Site hosted by Angelfire.com: Build your free website today!
No, I don't condone incestuous relationships. -.-;  ~Kiri

Koibito
by Kiri


 


I don’t care if it’s wrong. I love him.

I know you’re using me, but I don’t care about that either. If it’s the only way I can be with him, I’ll do anything.

We’ve always shared everything. When you grow up in such an unfriendly place as this world, you have to have someone to rely on. My brother was the only one there, the only one I’ve ever had to love. Is it so wrong to want to be with him?

He’s always been so gentle to me. I raised him when our parents died, but we are only two years apart. He’s always protected me in any way he could.

Love can’t be wrong. Not when it is this strong.

I feel bad for Suzaku no Miko and her lover. I don’t want to hurt her, but it’s unfair that they can be happy with each other while I am forbidden to be with the one I love. Ren... I just want to be in his arms forever, to be safe. People can be so cruel. Why doesn’t anyone understand?

But you said you did, Tenkou-sama. I don’t think you really do, but I’ll never say that to your face. I’m grateful to you. You rescued us. They were about to kill us, and not only did you save us, but you taught us things to help us. You said we only had to stop the Suzaku shichiseishi and then we could be together forever. You said I could use my body to stop that Taka and that Ren could use his influence in school to stop Suzaku no Miko. You asked if I would kill for Ren. Yes. I would. After how many people tried to kill us, to separate us, I would kill to be with him.

I want to protect him too. It hurt so much when the other villagers threw us out, ready to push us off the cliff and I could do nothing to stop them. I would have killed them all at that point to get the sadness and hurt out of his eyes. I love him. Kill or die for him, it doesn’t matter. Just as long as he is happy. If I can do anything for that, I will.
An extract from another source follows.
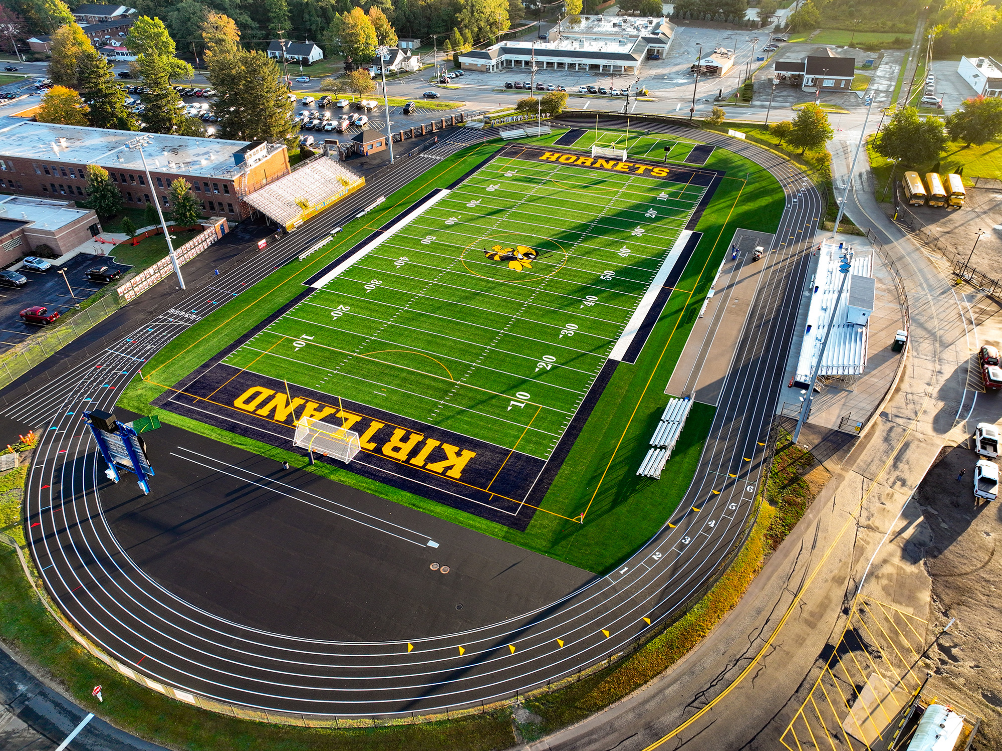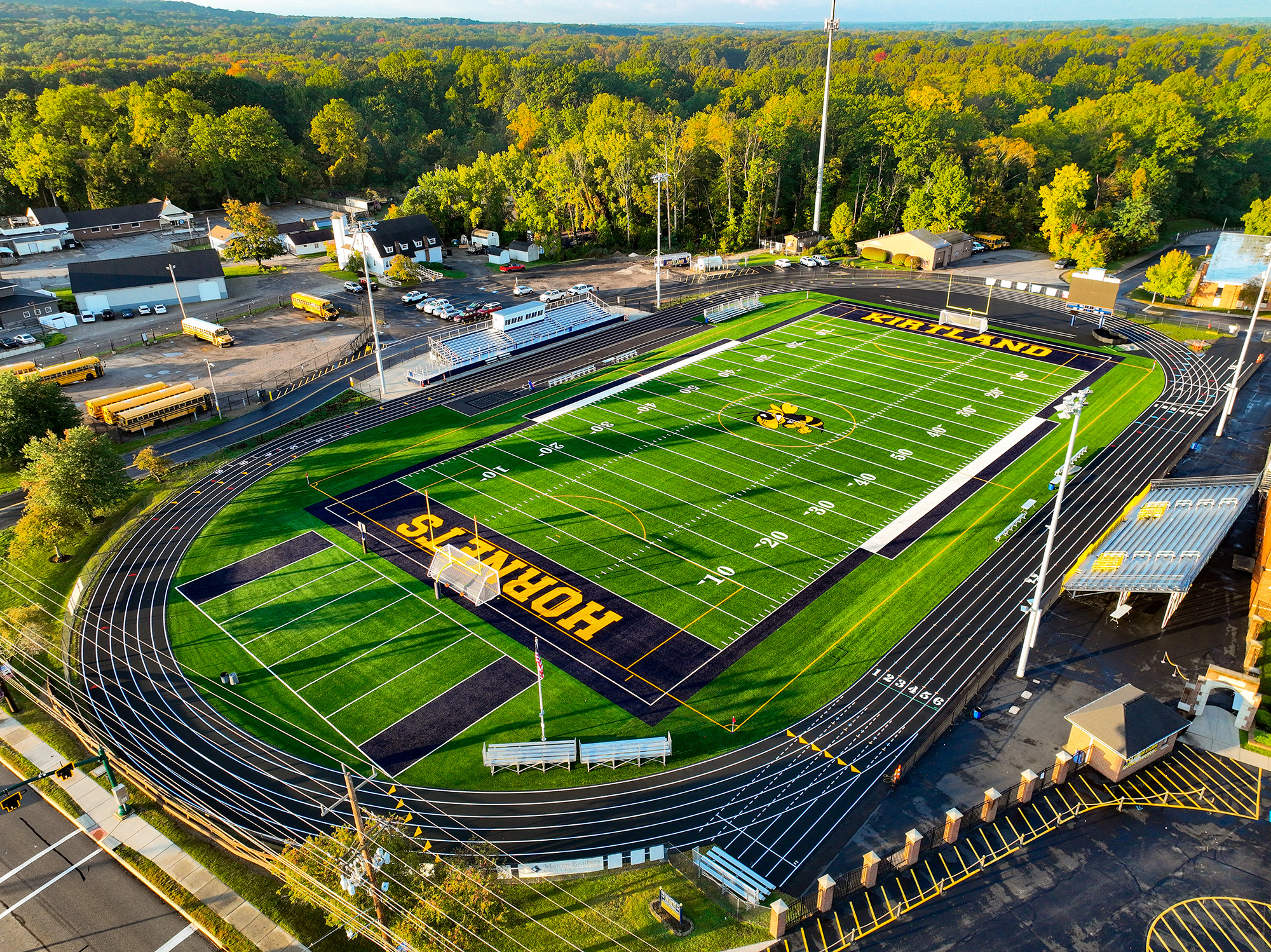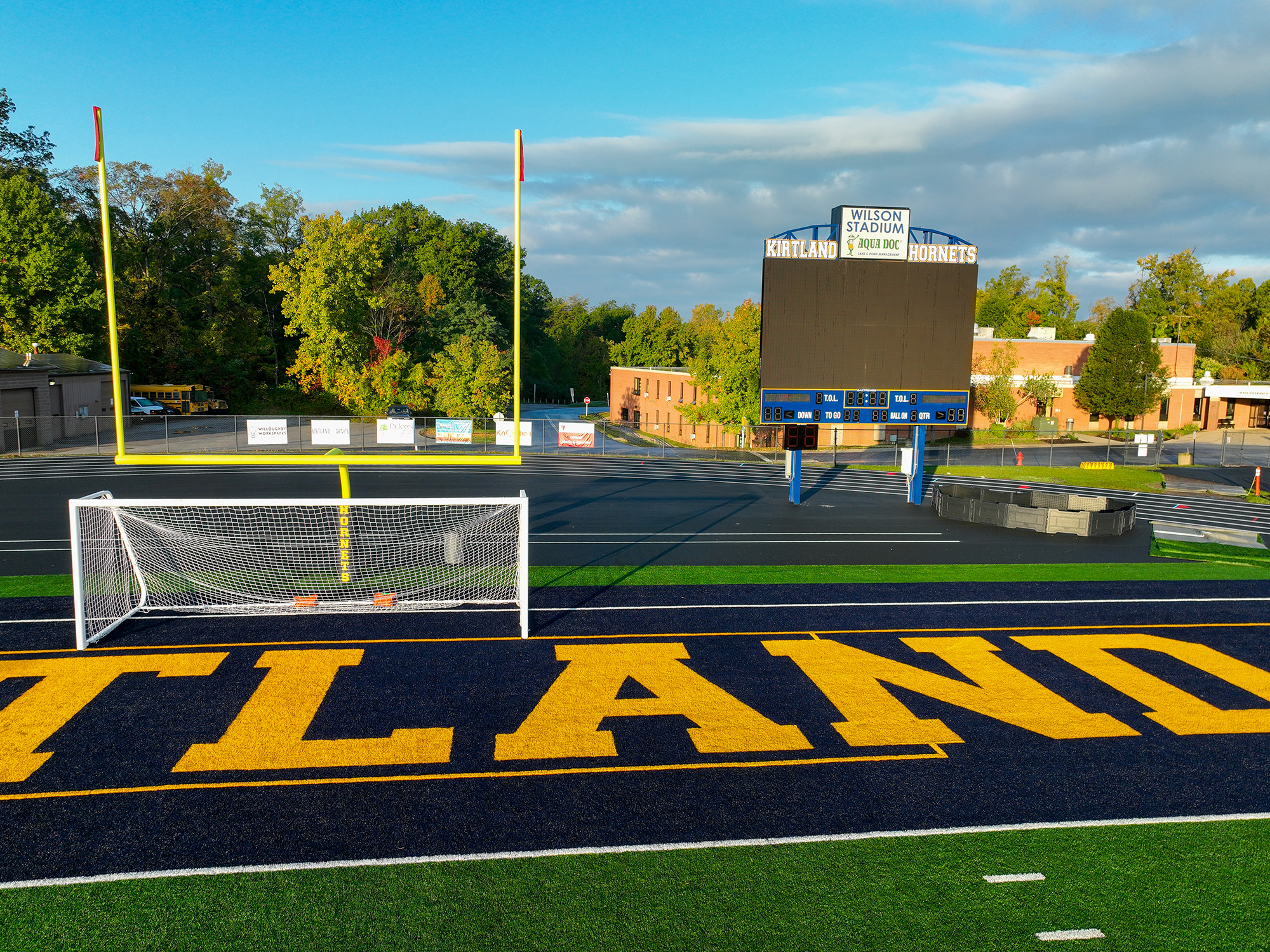 Wilson Stadium, Kirtland High School’s state-of-the-art renovated athletic facility, hosts football, soccer, and lacrosse, providing a 1000-seat home stand and an additional 600 seats for the visitor’s side.
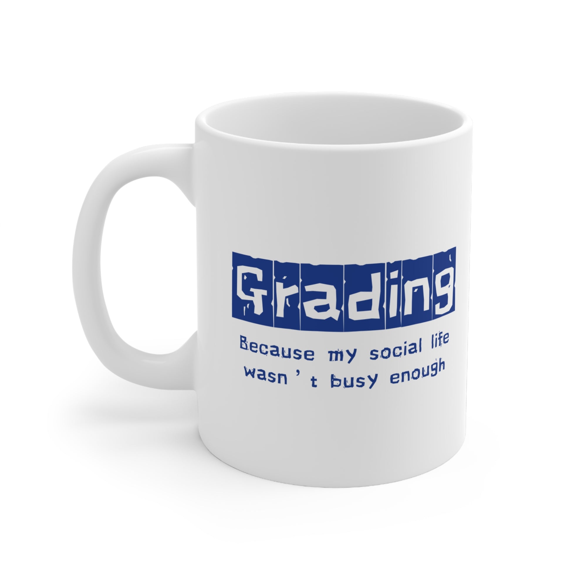 Witty Teacher Quote: Features the relatable and funny "Grading because my social life wasn't busy enough" design.

I don’t understand. Why doesn’t anyone want us to be together? We won’t have children. I don’t think I can anymore. When I was younger, those men hurt me rather badly. When Ren found them on me, crushing me in their drunken stupor, he killed them in a blind rage. I could barely walk so he carried me home. He even had a doctor come and check me despite the fact that he knew we couldn’t afford it. The doctor told him that I wouldn’t live, but Ren nursed me slowly and gently back to health. The outside healed, but I can feel the damage of what they did to me on the inside even now. Ren doesn’t know. so he makes sure he is always very careful with me. If I told him, he would not have to be as careful, but he would also have so much guilt that he didn’t get there soon enough to save me this. I can’t tell him. I can’t see the hurt and pain in his eyes because of my pain. I won’t let him hate himself. I love him too much for that.

I wonder if he keeps secrets like this from me too, to save me hurt. He always tries to take care of me. You can’t let them keep us apart, Tenkou-sama. I promise I’ll do everything you ask of me; just don’t take him away from me. Of everything in the world, he is the only one person that I need. And I know that you know this. Please don’t look down on me so much for this. I love him and I always will, and if I die trying to protect him, to love him, then it will be a good death.

Suzaku no Miko will not win. My love for Ren will surpass all things. I won’t give up. I love him. And it’s not wrong.